ASSIGNED TASK:
Word for word, restate the lines of the data from the first through the one containing "Konuşmaların ardından kadın", and nothing else.

-------------------------

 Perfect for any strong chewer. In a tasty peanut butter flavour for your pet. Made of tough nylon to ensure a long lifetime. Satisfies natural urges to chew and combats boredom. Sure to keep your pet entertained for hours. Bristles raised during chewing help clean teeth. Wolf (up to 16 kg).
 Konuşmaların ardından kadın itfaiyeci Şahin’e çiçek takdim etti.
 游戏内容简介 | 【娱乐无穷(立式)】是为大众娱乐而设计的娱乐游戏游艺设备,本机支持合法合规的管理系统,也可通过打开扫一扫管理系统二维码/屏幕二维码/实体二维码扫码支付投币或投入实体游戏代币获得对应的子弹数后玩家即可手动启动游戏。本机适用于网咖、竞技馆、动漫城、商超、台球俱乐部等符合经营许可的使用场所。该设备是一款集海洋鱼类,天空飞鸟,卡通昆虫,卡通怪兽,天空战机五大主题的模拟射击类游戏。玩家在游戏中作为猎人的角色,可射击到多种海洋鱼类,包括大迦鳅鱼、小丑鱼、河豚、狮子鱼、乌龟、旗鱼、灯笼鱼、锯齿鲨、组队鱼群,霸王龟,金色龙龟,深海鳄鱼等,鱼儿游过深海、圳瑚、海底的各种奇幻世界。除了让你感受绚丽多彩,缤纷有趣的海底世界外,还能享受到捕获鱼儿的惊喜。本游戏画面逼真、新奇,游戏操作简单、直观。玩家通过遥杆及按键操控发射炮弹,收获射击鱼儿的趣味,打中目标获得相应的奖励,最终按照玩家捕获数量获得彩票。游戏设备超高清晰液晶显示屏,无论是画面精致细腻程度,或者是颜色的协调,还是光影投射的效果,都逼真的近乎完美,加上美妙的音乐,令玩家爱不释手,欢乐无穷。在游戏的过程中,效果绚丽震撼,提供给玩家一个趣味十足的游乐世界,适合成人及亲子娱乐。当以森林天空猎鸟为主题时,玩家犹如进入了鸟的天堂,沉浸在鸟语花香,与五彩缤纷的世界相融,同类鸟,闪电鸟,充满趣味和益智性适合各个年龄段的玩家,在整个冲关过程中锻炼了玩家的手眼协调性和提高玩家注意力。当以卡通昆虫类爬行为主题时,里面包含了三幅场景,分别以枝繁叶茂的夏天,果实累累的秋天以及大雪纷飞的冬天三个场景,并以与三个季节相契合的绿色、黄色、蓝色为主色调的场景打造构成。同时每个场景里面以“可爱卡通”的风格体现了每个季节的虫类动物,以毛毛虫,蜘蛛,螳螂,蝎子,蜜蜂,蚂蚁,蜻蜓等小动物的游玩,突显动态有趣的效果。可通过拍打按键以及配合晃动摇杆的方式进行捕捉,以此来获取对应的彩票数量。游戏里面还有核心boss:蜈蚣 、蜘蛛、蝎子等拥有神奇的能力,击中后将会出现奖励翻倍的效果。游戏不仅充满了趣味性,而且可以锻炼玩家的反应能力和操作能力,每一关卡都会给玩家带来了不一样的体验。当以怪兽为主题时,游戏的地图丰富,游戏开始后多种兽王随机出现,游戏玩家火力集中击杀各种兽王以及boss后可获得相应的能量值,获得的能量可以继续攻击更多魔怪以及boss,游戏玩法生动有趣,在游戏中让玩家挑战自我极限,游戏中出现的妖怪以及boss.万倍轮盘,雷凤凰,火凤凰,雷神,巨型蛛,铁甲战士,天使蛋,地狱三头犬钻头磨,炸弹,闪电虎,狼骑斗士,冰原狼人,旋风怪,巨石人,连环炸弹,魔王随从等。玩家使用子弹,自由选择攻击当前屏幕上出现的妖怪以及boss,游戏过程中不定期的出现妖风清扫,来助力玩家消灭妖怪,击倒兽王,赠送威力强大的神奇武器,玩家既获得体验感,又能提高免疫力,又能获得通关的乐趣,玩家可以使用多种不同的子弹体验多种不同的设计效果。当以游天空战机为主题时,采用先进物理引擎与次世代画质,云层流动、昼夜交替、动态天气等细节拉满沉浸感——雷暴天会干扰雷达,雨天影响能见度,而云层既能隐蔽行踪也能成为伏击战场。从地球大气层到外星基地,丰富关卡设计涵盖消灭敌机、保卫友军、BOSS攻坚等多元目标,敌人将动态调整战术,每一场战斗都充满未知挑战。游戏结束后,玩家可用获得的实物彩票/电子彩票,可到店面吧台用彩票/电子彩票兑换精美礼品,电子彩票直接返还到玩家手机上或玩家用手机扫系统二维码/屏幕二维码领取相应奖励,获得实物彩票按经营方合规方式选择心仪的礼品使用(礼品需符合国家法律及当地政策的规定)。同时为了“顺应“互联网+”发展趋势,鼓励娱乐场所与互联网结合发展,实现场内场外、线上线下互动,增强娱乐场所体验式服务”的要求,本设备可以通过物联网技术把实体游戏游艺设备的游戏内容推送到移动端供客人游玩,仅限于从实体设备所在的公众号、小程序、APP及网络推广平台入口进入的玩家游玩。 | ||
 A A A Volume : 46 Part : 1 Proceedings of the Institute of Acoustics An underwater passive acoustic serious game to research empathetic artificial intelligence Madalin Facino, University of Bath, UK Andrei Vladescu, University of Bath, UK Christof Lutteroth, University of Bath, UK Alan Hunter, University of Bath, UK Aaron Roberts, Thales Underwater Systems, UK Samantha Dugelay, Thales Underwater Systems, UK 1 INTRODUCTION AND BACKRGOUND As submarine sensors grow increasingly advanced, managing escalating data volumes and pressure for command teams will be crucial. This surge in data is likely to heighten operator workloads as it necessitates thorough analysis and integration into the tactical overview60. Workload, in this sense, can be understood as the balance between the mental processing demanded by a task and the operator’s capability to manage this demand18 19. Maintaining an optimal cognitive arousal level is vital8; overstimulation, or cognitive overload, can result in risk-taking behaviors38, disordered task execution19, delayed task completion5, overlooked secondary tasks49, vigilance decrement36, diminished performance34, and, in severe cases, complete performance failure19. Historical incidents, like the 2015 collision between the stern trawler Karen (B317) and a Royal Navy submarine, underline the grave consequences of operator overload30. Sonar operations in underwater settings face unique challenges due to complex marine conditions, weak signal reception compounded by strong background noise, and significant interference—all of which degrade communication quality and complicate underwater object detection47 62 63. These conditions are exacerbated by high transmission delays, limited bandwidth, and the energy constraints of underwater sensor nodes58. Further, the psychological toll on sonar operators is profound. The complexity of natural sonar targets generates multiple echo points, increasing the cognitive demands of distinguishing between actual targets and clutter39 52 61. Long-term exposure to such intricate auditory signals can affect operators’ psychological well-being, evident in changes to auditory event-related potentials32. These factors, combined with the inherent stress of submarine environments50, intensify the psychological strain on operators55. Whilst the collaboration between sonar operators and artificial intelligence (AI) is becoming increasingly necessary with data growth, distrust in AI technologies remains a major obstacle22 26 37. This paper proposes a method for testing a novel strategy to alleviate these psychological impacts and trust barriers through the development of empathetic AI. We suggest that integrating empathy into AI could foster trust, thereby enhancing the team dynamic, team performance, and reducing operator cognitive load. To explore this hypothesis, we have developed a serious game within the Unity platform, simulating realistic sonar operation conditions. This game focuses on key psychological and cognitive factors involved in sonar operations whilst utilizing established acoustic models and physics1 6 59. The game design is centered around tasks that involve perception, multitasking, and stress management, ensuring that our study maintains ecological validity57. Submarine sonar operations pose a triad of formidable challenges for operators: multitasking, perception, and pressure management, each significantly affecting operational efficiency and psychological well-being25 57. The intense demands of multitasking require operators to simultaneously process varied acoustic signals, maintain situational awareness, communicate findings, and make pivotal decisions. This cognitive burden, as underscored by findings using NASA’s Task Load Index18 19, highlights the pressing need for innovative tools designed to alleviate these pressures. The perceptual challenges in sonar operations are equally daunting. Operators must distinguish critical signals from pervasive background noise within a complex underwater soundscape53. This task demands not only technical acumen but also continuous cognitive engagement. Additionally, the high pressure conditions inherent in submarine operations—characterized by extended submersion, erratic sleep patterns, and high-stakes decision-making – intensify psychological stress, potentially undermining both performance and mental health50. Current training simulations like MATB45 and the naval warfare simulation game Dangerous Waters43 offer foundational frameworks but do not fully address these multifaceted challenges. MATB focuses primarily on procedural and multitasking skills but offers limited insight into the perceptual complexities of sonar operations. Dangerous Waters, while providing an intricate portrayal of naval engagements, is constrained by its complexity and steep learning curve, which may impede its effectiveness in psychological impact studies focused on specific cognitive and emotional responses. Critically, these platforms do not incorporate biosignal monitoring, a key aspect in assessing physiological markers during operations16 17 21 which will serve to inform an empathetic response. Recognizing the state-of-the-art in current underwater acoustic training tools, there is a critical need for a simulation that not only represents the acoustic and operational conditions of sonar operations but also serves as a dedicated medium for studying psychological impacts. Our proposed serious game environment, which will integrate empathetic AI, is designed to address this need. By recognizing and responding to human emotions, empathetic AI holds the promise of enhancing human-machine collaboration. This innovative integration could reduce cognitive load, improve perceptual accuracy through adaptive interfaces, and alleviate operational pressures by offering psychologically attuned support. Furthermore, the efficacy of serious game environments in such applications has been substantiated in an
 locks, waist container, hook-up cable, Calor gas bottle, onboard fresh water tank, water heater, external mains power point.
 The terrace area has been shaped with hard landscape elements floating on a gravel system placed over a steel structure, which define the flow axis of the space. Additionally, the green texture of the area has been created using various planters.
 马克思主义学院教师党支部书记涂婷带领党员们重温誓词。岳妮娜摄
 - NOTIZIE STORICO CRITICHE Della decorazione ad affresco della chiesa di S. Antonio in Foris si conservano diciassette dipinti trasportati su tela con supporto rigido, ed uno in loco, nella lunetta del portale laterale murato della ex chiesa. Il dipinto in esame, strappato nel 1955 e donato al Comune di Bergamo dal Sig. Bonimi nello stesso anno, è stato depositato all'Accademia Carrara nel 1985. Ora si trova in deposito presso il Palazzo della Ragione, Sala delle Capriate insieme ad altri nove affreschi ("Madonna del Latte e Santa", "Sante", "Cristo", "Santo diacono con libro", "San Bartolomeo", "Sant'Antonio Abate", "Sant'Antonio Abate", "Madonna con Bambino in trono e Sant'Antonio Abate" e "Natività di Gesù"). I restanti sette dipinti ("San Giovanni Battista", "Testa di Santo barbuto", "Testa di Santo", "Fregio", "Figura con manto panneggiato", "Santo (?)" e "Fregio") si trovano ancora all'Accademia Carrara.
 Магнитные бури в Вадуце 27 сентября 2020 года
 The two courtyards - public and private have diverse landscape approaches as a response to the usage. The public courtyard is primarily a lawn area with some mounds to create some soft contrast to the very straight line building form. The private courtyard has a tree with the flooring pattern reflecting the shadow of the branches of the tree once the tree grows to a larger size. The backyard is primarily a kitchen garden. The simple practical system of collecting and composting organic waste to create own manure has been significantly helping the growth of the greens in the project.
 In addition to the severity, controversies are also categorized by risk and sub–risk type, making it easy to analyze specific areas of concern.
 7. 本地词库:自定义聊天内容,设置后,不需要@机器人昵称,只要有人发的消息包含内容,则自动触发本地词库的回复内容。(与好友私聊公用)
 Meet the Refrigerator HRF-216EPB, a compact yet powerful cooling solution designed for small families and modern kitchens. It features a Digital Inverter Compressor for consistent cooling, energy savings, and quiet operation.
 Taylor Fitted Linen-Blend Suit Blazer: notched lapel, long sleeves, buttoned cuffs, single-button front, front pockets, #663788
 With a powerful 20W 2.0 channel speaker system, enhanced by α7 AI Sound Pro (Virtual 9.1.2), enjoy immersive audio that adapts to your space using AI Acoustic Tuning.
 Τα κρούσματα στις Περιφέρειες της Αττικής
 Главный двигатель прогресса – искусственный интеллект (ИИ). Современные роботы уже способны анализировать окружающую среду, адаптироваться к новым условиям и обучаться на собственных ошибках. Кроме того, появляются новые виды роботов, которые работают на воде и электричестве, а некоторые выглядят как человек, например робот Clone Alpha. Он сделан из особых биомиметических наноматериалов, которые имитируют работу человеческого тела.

-------------------------

RESULT BELOW:
 Perfect for any strong chewer. In a tasty peanut butter flavour for your pet. Made of tough nylon to ensure a long lifetime. Satisfies natural urges to chew and combats boredom. Sure to keep your pet entertained for hours. Bristles raised during chewing help clean teeth. Wolf (up to 16 kg).
 Konuşmaların ardından kadın itfaiyeci Şahin’e çiçek takdim etti.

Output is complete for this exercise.